People get discouraged at first. You think you’re going to sit down and do the Jesus prayer for five minutes and you do three or four of them—and you’re thinking about your grocery list or a phone call you have to make. Don’t beat yourself up about it. Don’t stop saying the prayer because you do it badly. Just pick yourself up and start in again.
CT: You also mentioned fasting—what does that mean as a spiritual discipline?
FMG: The early Christians fasted on Wednesday and Friday. Many Christians have continued that Wednesday-Friday fast from the first century, and our whole family is among them. But we don’t go totally without food. Instead we follow what the early writer Tertullian called the “Daniel fast.” We eat the same kinds of foods that Daniel ate in the king’s palace—essentially a vegan diet. No meat, no dairy products, no fish.
CT: So what do you eat on Wednesdays and Fridays?
FMG: Well, at first you eat a lot of peanut butter sandwiches! Then you discover this whole other world of cooking you never thought about before. Indian food, Chinese food, hummus and pita—there are vegan dishes from all over the world.
As with the Jesus prayer, the point isn’t the discipline itself but what it cultivates in us. If I’m able to turn down a jelly doughnut a couple times a week, I can also resist getting angry at the person driving in front of me. I can learn to control my anger, my greed, my selfishness, because I’ve been weight-lifting with jelly doughnuts! I’ve been weight-lifting with these elements of the fast. Fasting strengthens self-control in any number of ways.
CT: How have you seen these disciplines bear fruit?
FMG: A number of years ago I was invited to give a speech for a group with an odd name: the Pro-Life Association of Gays and Lesbians. Towards the end of my speech, a group of thirty or forty women came in with protest signs and trailed by television cameras. They clearly weren’t there to hear what I had to say: they just wanted to challenge me during the question and answer period. They were angry; they were mocking me; they were antagonistic. My heart was pounding, my stomach was clenching, my mouth was dry.

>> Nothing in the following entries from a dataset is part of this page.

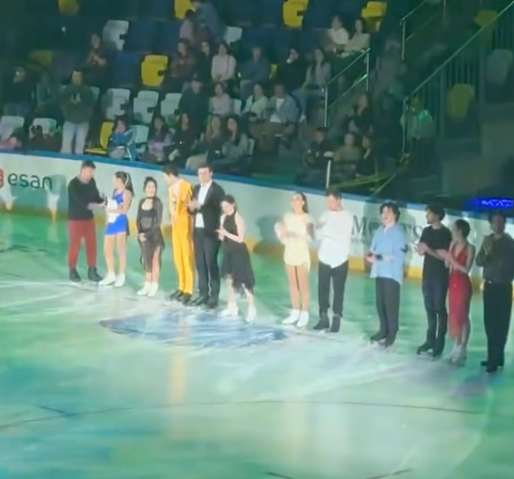 И снова большая компания наших фигуристов демонстрирует свое мастерство широкой публике. Спортсмены прибыли в Монголию, где в Улан-Баторе на Steppe Arena у них запланировано три шоу за два дня. Первое, дневное мероприятие, которое прошло в 3 часа дня по местному времени, уже состоялось и хочется поделиться впечатлениями. В составе нашей спортивной делегации присутствовали: Конечно, это далеко не весь цвет российского фигурного катания, но ребята сумели порадовать и удивить местную публику. Каждый катал по два номера, многие выбрали лучшие постановки из своих коллекций. К примеру у Мориса была "Маска", у Евгении Медведевой ее аутентичный Life, а также Женя выступила с сольным, свежим номером под живой вокал местного певца Amgalan. Сам артист кстати был очень растроган и постановкой в целом и Евгенией в частности: Встречали наших ребят очень тепло: красивые девчонки в национальных костюмах с радостью и благодарностью преподнесли весенние букеты: Ради этого события на Steppe Arena с
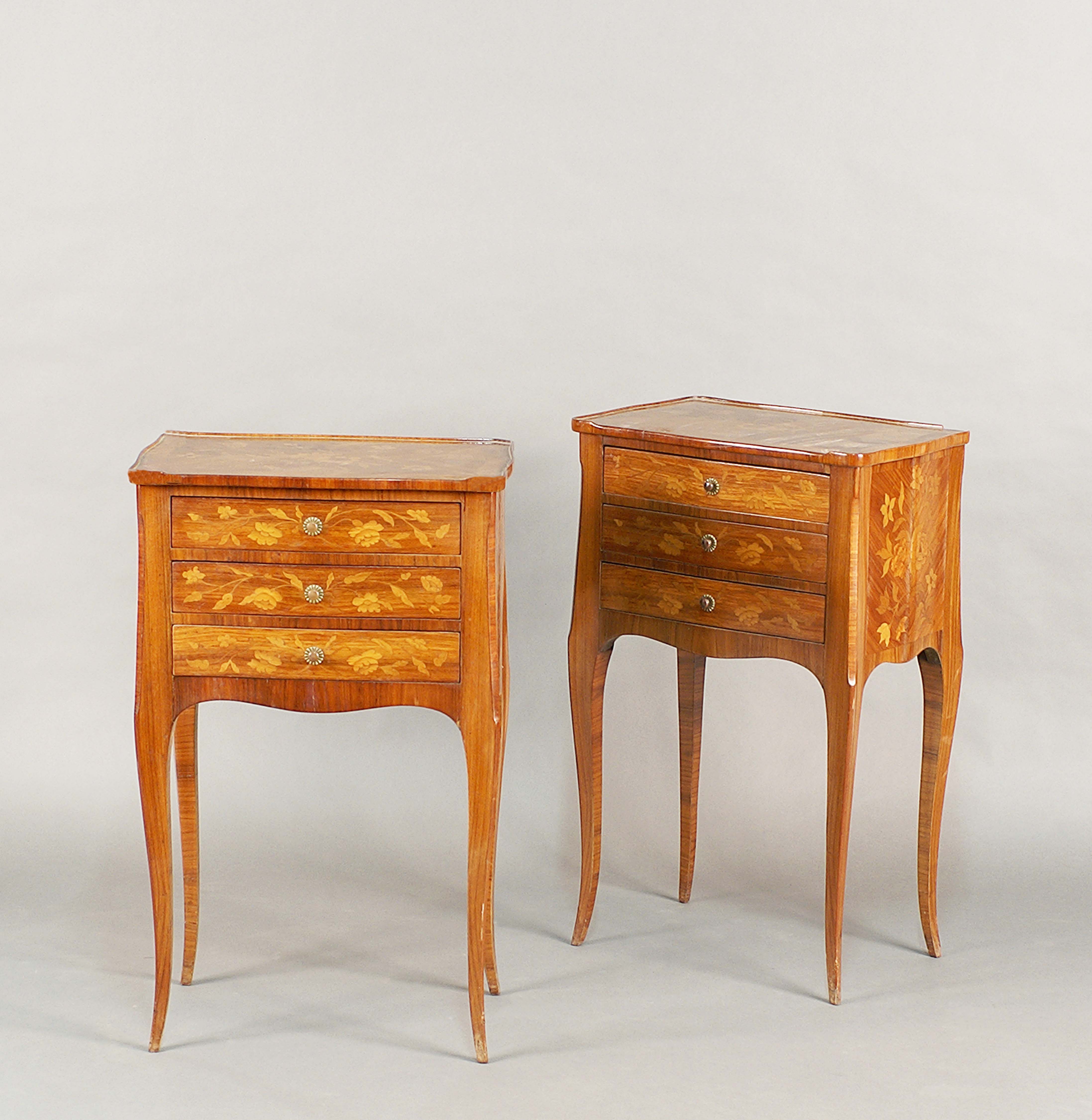 Coppia di comodini in bois de rose con intarsi a motivo floreale in legno di frutto, piano sagomato con tre cassetti sottostanti, Francia, vecchia manifattura, cm. 68x43x30 (mancanze).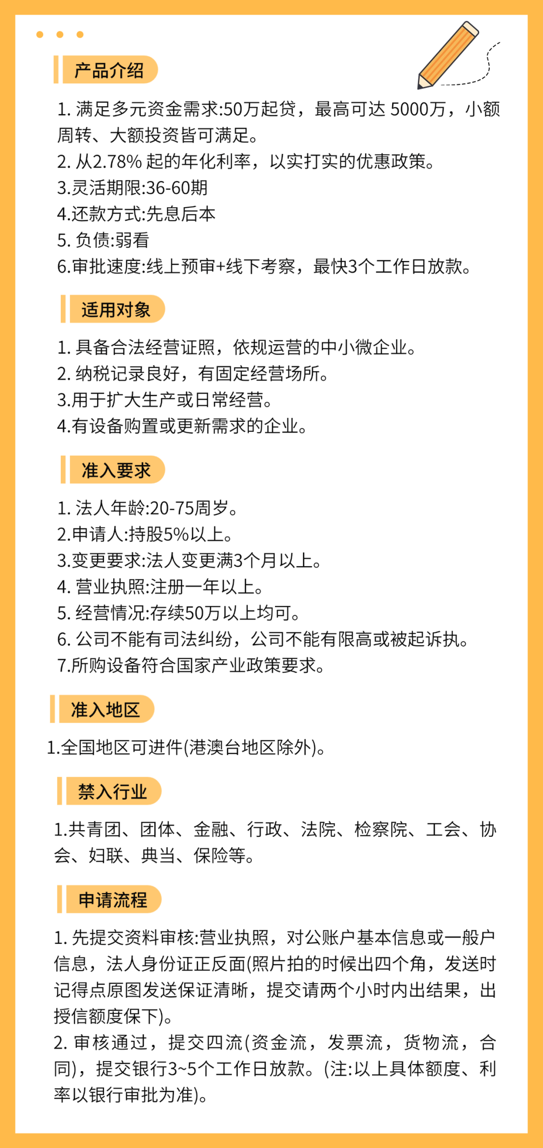 行业范围:制造业、商贸流通、物流运输、科技创新等实体经济领域;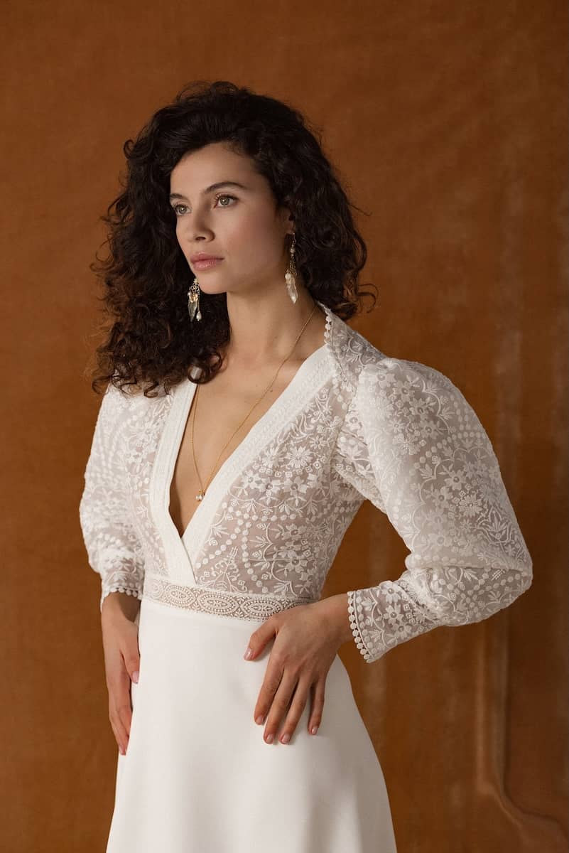 Laissez-vous séduire par Agatha, une robe de mariée bohème au charme discret et poétique. Créée dans notre atelier français, elle incarne l’équilibre parfait entre élégance naturelle, dentelle délicate et légèreté fluide. Conçue pour les mariées en quête d’authenticité et de confort, Agatha sublime toutes les silhouettes avec douceur.
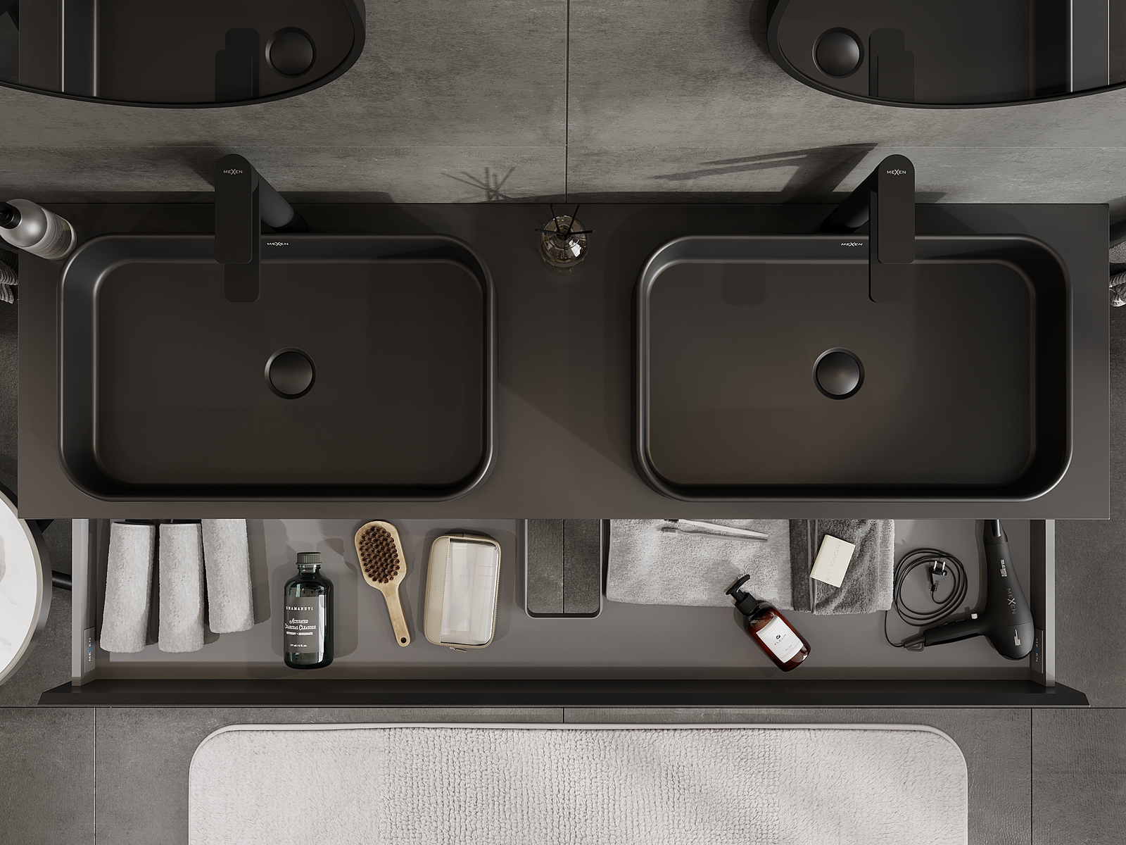 Mūsų moduliniai vonios baldai gali būti derinami tarpusavyje įvairiomis spalvų konfigūracijomis, leidžiant visiškai pritaikyti pagal asmeninius poreikius. Galima pasirinkti tiek atskirų elementų išvaizdą, tiek funkcijas, kas leidžia baldus pritaikyti pagal savo stiliaus ir naudojimo preferencijas.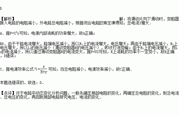 如图所示电路中,R为一滑动变阻器,P为滑片,若将滑片向下滑动,则在滑动过程中,下列判断错误的是( )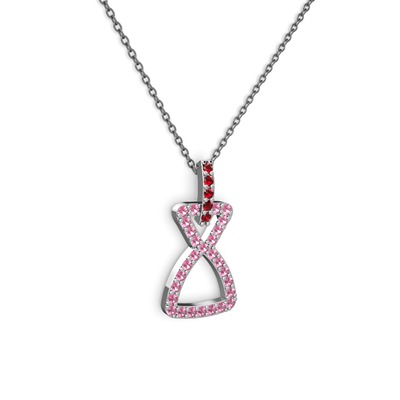 Garnet ve pembe kuvars 14 ayar beyaz altın kolye (40 cm gümüş rolo zincir)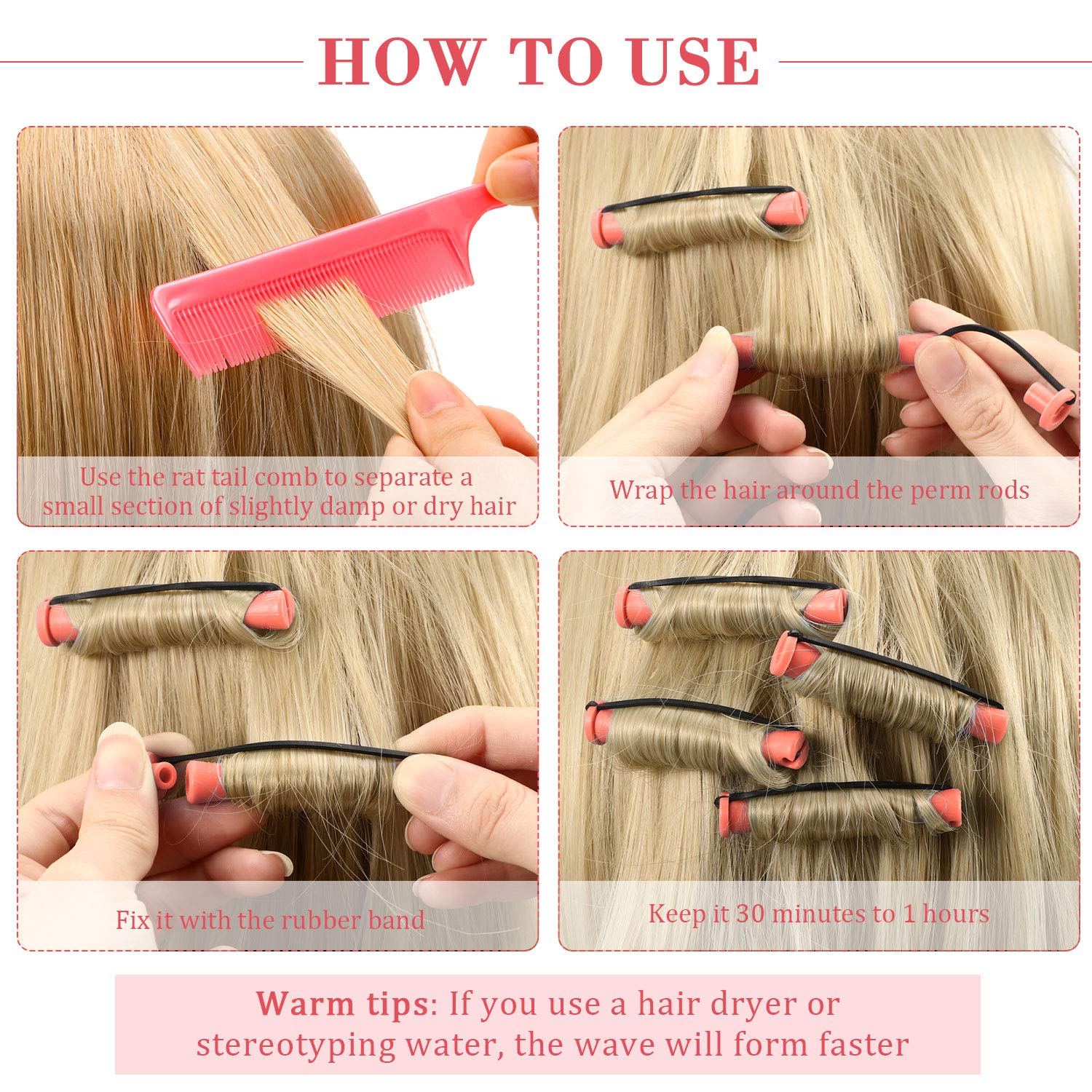 - Steps to apply: what you need to do is use the pintail comb to separate a small strand of slightly damp or dry hair, wrap it on the rods, then use the rubber band to fix it, no need heating, so it won't hurt your hair, wait for a while and you can get a charming curly hair, you can also adjust the direction when rolling your hair on the rods and you can create various styles of hair waves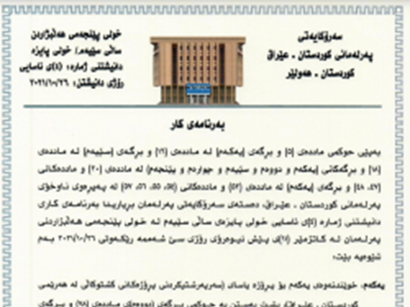 The Speaker of the Kurdistan Parliament Dr. Rewaz Faiq calls MPs to a sitting on Tuesday 26th October 2021 at 11am, the fourth ordinary sitting of the autumn session of the third year of the fifth term of Parliament. The Presidency of Parliament announces the order of business of the sitting as follows:

But about halfway through this tense exchange I found this incredible peace spreading all through me. I was suddenly able to see each one of these hostile questioners as a beloved child of God, as somebody who was hurting and in pain. When I left that evening, I felt so much joy in the Lord, in what had really been one of the most terrifying experiences of my life. I thought, this must be what it’s like for the martyrs—my little tiny experience, as much as I could bear, of martyrdom. I discovered that there is so much joy in loving our enemies—just as Christ loved us when we were his enemies.
The spiritual disciplines enable us to be more that we could be on our own. If I had tried to approach that situation by memorizing a list of snappy answers, I could have won the debate, but I wouldn’t have won any hearts.
The spiritual disciplines equip us, they build us up, and they put us in an eternal community. We’re not alone anymore. And they equip us even to love our enemies. We discover that we are never alone in this world—that nobody has to be our enemy, that we are always able to reach out in love. There is nothing that anybody could ultimately take away from us, because we have everything in the Lord Christ. And when we live that kind of life, we become the presence of Christ, the fragrance of Christ, and begin to change our world.